NPB Changes the Conversation of Peanuts in Schools with Summer School Summit

influential school nutrition leaders at the Summer School SummitOct 30, 2023

By Lauren Highfill Williams

School nutrition leaders face many challenges these days. New proposed regulations restrict sugar for the first time and place further limits on sodium in school meals. Districts continue to deal with supply chain challenges, staffing and retention issues and student meal debt. Understandably, district leaders are looking for easy solutions to matters like food allergies. While banning peanut foods initially seems like the best solution to some, more districts are realizing the benefits of including peanuts on the menu and choosing management instead of bans.

In June, the National Peanut Board (NPB) brought 25 influential school nutrition leaders together to host the first Summer School Nutrition Summit at the Culinary Institute of America (CIA) campus in San Antonio, Texas. The dynamic event explored the theme of the future of school nutrition through exciting trends, like plant-based eating and global flavors, chef demos of peanut-packed school recipes, actionable advice, and education sessions.

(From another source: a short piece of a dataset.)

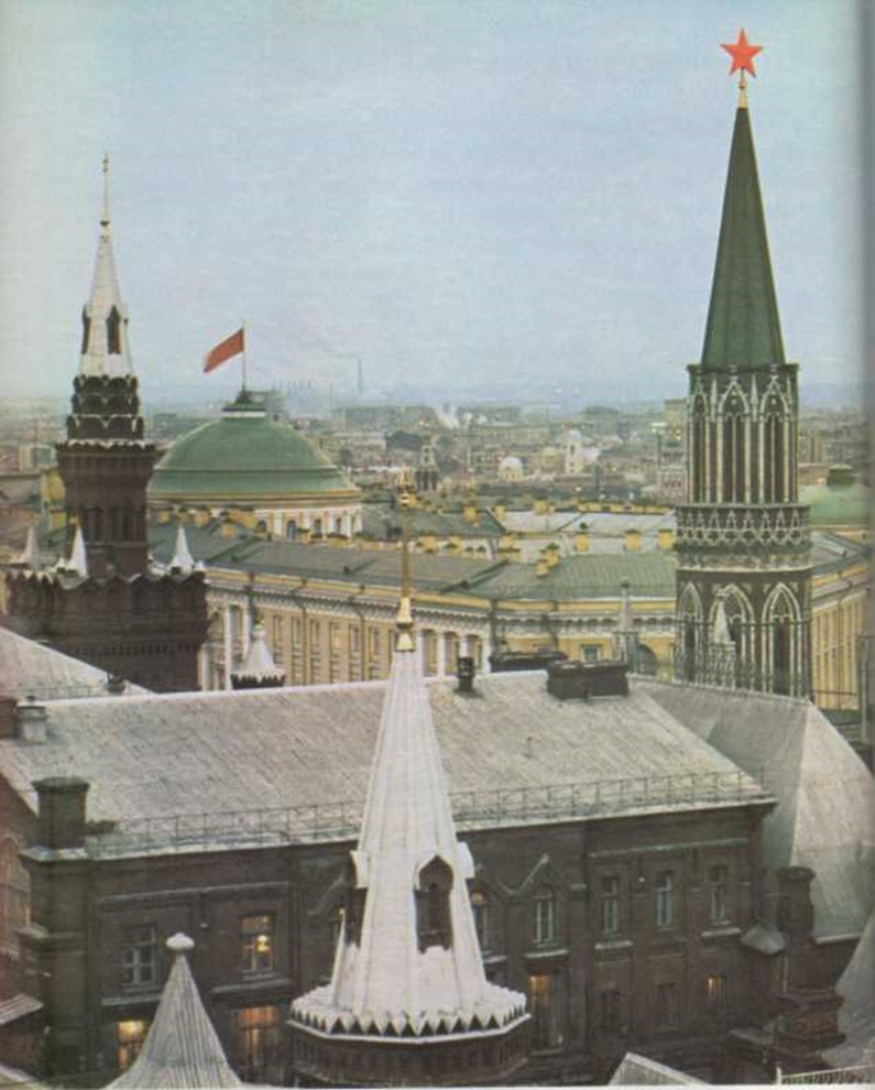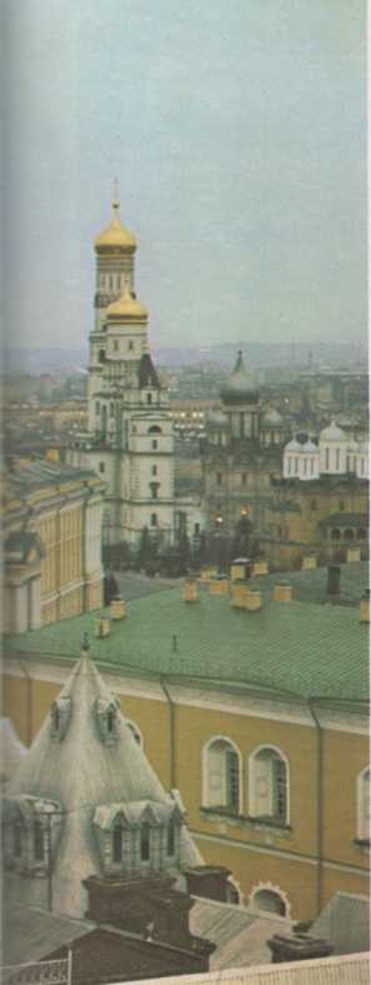 Detrás de los muros de una fortaleza esperarás encontrar cuarteles para los soldados. Pero, ¿cabría esperar encontrar allí palacios, catedrales e incluso algunos edificios del Gobierno? Estos edificios se hallan detrás de los muros de una fortaleza: el Kremlin de Moscú, la capital de Rusia. La palabra «Kremlin» procede de un nombre ruso que significa «fortaleza». No se pueden visitar los edificios del Gobierno en el Kremlin porque son secretos. Pero se puede visitar, por ejemplo, el Palacio de la Armería y ver muchas cosas que pertenecieron a los zares. Los zares eran, hace años, los emperadores de Rusia. En la Armería se pueden contemplar huevos de pascua hechos con joyas, cascos de oro, armas y escudos, sables engastados de joyas e incluso el trono de un zar llamado Iván el Terrible. Esto es el Kremlin de Moscú, en Rusia. La estrella roja está situada en lo alto de la torre del Kremlin, y la bandera roja en el Gran Palacio. |

Texas peanut farmer Lexi Floyd kicked off the summit by sharing her family farming story, discussing how peanuts are grown and the challenges and opportunities for the future of farming.

During the summit, attendees also learned strategies and success stories for managing peanut allergies in schools, including the resources at PeanutsinSchools.org and the free Peanut Power Toolkit. The event culminated with the opportunity to cook in the CIA kitchens with a market basket challenge where attendees put their learnings into action with recipes like the rockin’ rice bowl with peanut butter sauce & chickpeas and crunchy peanut butter apple nachos.

Attendees represented large and award-winning districts, which collectively serve hundreds of thousands of students across the country, including Colorado, Florida, Georgia, Idaho, Oklahoma, Texas and Virginia. Also in attendance were brands, brokers and commercial operators, including Smucker’s and Chartwells K12.

Two of the attendees were Jocelyn Karbo, RD, who is a National School Lunch Program Content Specialist, and Amy Carroll, RD, who is a coordinator for the School District of Lee County.

“The event has been the only opportunity for true connections, fruitful discussions and innovative sharing with like-minded people from across the country,” Karbo said. “It has sparked so many questions and inspirations for me in my current role … and has encouraged me to ask hard questions.”
“They had some amazing recipes using peanut butter …” Carroll said. “Now that we’ve had peanut butter back for a year and a half, and everyone sees that it’s manageable, maybe now I can like start to expand and use peanut butter and some other recipes.”

The gathering was an amazing way to connect with leaders in school nutrition about some of the most important topics and challenges they face and to get ideas and solutions from other movers and shakers.

“Peanuts are such an incredible asset for school nutrition programs because they’re affordable, accessible, versatile and they taste great,” said NPB’s Sherry Coleman Collins, MS, RDN, LD. “This summit inspired and directly empowered school nutrition leaders with the resources they need to serve peanut products while keeping students with peanut allergies safe.”